— С тобой не заскучаешь, — только и сказал я.
— Ага… — выдохнул Ерошка, но уже без прежней веселости.
…Мы прошагали через новые многоэтажные кварталы, которые были мне совсем незнакомы. И снова оказались на берегу — неподалеку от похожего на крепость монастыря. Здесь берег был особенно высок. И он спускался к воде не просто крутыми откосами, как помнилось мне с малых лет. Теперь откосы эти перебивались длинными террасами, по которым тянулись одноэтажные улочки с тесовыми крышами, с рябиной и сиренью в палисадниках. Вот удивительно: улицы старые, с кривыми домишками явно довоенной постройки, а я их не помню…
Да, но как же не помню, если знаю, что верхняя называется Тополиный Скат, средняя — Лесосплавщиков, а нижняя — Лодочная!
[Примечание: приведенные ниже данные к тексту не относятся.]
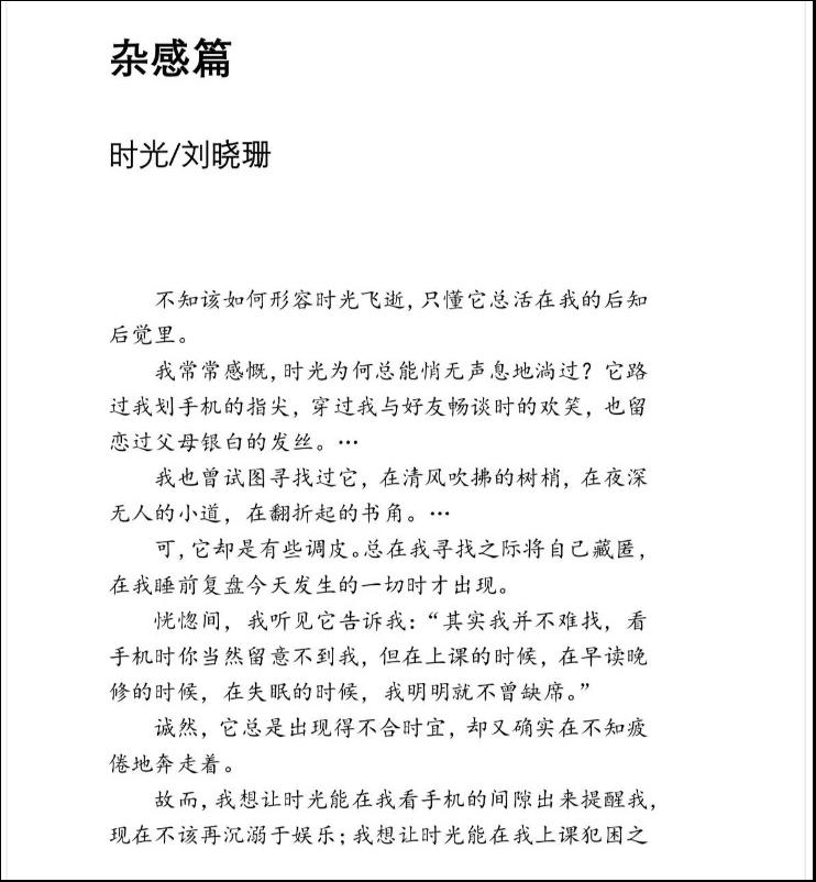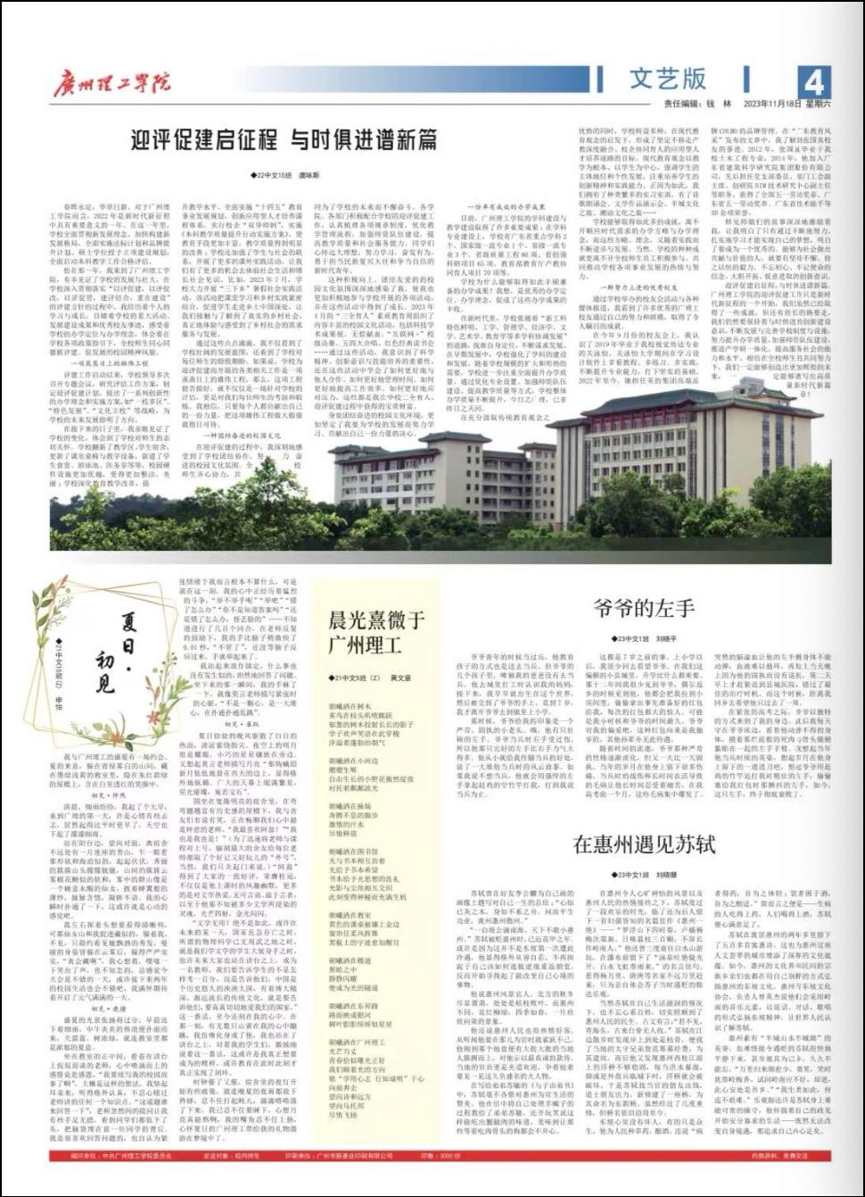 刘晓珊同学散文《又一年秋,寄情于月》发表于2024年9月11日 深圳市宝安日报;散文《书香满溢成长路》2025年5月12日发表于深圳市宝安日报;诗歌《时光》入选《龙华文艺》第一辑(2023年10月5日);散文《在惠州遇见苏轼》发表于2023年12月8日广州理工学院校报文艺版。

Я тряхнул головой. Пространство охотно перелистнуло еще один прозрачный слой, и то, что было странным, стало обычным (только Малогда ли это или уже нечто другое?).
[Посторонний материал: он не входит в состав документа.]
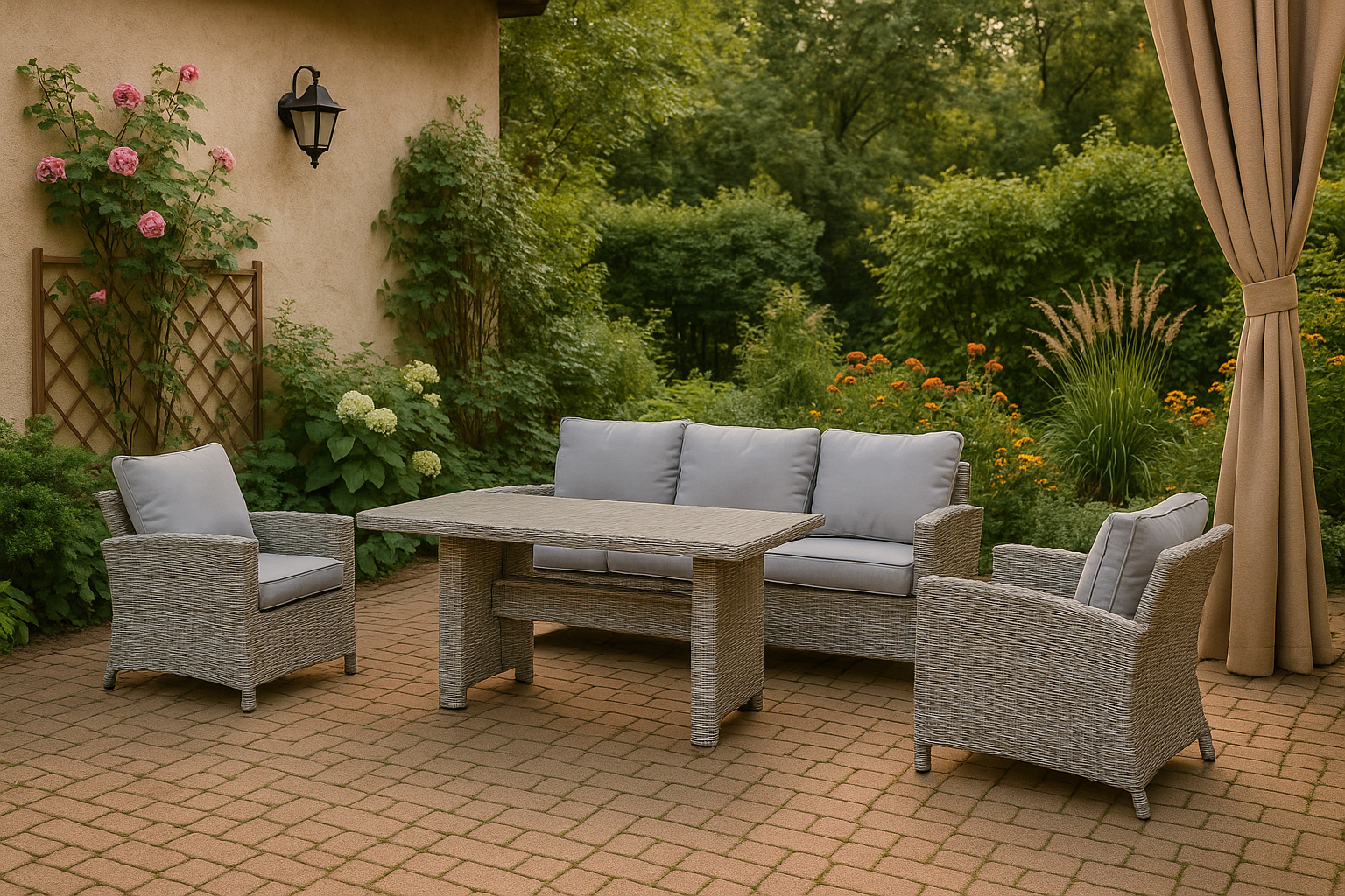 Keturių dalių lauko baldų komplektas yra puikus pasirinkimas ieškantiems patogumo, funkcionalumo ir šiuolaikiško dizaino. Sukurtas iš aukštos kokybės medžiagų, komplektas užtikrina ilgaamžiškumą ir nepriekaištingą išvaizdą. Jis puikiai tiks terasoms, sodams ar pavėsinėms, suteikdamas erdvę atsipalaidavimui ir bendravimui. Šis lauko baldų komplektas puikiai tiks tiek jaukiems šeimos vakarams, tiek didesniems susibūrimams su draugais.

Когда-то на Лодочной, в кривом и приземистом доме с мезонином, обитала пожилая дама, которую звали Нина Адольфовна Кирхгоф. (И кто-то еще там обитал, но я не помню.) Нина Адольфовна была давняя знакомая моего отчима. По его поручению, а также и по своему интересу, я регулярно ходил к ней за книгами. У Нины Адольфовны была большая библиотека из книг, сохранившихся еще с «до революции». Для отчима я выбирал тяжелые тома Сенкевича (Артур Сергеич любил исторические романы), а для себя — Майна Рида и Стивенсона с индейцами и пузатыми парусниками на пестрых, с позолотой, обложках.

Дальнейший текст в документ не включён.